The incoming director of national intelligence, retired Navy Vice Adm. John M. McConnell, plans to change security rules to make it easier for intelligence agencies to hire first-generation Arab Americans for highly sensitive jobs.

These rules, dating from World War II, limit intelligence agencies’ ability to employ first-generation Americans “who might have native language capabilities from serving in some of these very sensitive positions in the intelligence community” and hinder efforts to deal with radical Islam, McConnell said during his confirmation hearing Friday before the Senate Select Committee on Intelligence.

The rules McConnell described are in a directive from the director of central intelligence, or DCI. They require citizenship verification for access to the most highly classified data, known as sensitive compartmented information. For the foreign-born, there must be verification of U.S. citizenship and legal status in this country of immediate family members, including “spouse, cohabitant, father, mother, sons, daughters, brothers, sisters,” the directive states.

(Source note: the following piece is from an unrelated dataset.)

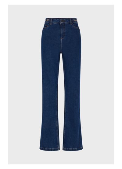 Jean bootcut à la ceinture ornée de boucles dorées.

Another element that must be considered when hiring is “foreign influence,” according to adjudication guidelines that the White House adopted in December 2005. One section of the guidelines refers to “contact with a foreign family member, business or professional associate, friend, or other person who is a citizen of or resident in a foreign country if that contact creates a heightened risk of foreign exploitation, inducement, manipulation, pressure, or coercion.”

An intelligence agency chief can waive these criteria, but McConnell said he wants to change them because they constitute “one of the areas that needs probably the greatest deal of attention and improvement . . . using people who speak the native language, understand the culture and the tribal conditions.”